28
После того как Робин с подачи Джулии перестала быть изгоем в классе, стало совершенно очевидно, что отныне ее пребывание в школьных стенах будет окрашено в совершенно другие тона. Слух об этом распространился буквально за один вечер. Я несколько раз за ночь просыпалась от пришедших от других мам сообщений, спрашивающих, не хочет ли Робин прийти к ним в гости поиграть с другими девочками. Наутро я показываю эти сообщения Робин, и она закатывает глаза от такой детской терминологии:
– Пф… поиграть…
Но все равно она выглядит радостной и очень довольной от такого нежданного внимания. Меня саму также приглашают в гости на несколько домашних вечеринок и посиделок за утренним кофе. Пришло даже одно письмо на официальном бланке от школьного комитета по цветоводству, в котором мне предлагается присоединиться к их сообществу. Я в недоумении хлопаю глазами, глядя на него.
Я уже собираюсь убрать подальше свой телефон, чтобы он не мешал мне подготовиться к предстоящему дню, когда приходит еще одно сообщение. На этот раз от Зоры.
«У меня есть кое-какая информация об этой Джулии. Я поговорила с Софи, и она думает, что помнит эту Джулию. Кажется, ее очень сильно травили в школе – у нее были кривые торчащие зубы и от нее всегда дурно пахло. А позже у нее еще и все лицо было постоянно обсыпано жуткими прыщами. Полагаю, сейчас она наверстывает упущенное».
Какое-то мгновение эта информация не укладывается у меня в голове. Как-то подобный образ бывшей жертвы совершенно не сочетается с Джулией. Она определенно полностью лишена такой черты характера, как сочувствие. Но по мере того, как я обдумаю все прочитанное, сопоставляя это с поведением Джулии, различные кусочки пазла начинают вставать на свои места. Ее идеальные зубы, идеальный цвет лица, идеальное все. Ее надежда, что я не помню ее со времен школы…

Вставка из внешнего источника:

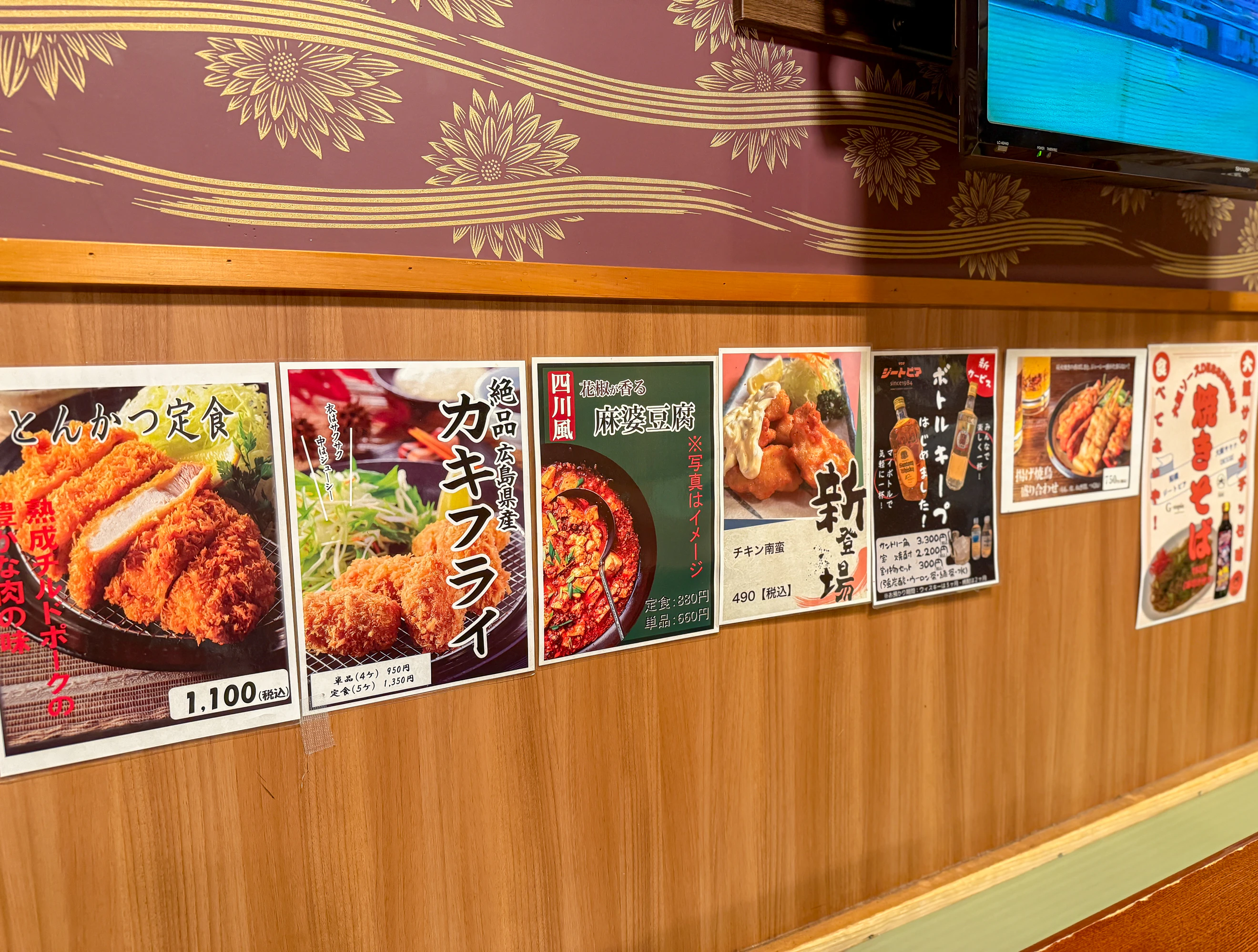 アルコール類はもちろんのこと、おつまみ系(焼き鳥、チキン南蛮などなど)、がっつり食べたい人向けの定食メニューもそろっています。

Несмотря на все то, что она сделала, я начинаю даже немного сочувствовать ей. В конце концов, мы не так уж сильно отличаемся друг от друга. У меня тоже в детстве были довольно тяжелые времена. И хотя я дала себе обещание как можно реже возвращаться воспоминаниями в те годы, меня совсем не удивляет, что Джулия пытается реконструировать свое прошлое, а точнее говоря, она хочет воссоздать его по-новому.
Ну, что ж. Пусть будет так. Я ничего не скажу. Сейчас она ведет себя весьма дружелюбно по отношению к нам, и это очень здорово облегчит школьную жизнь Робин. Но я не забыла, что произошло, и крепко держу в голове понимание того, на что способна Джулия. И информацию о ее прошлом я убрала пока что из своих мыслей, но в случае чего она лежит у меня недалеко наготове.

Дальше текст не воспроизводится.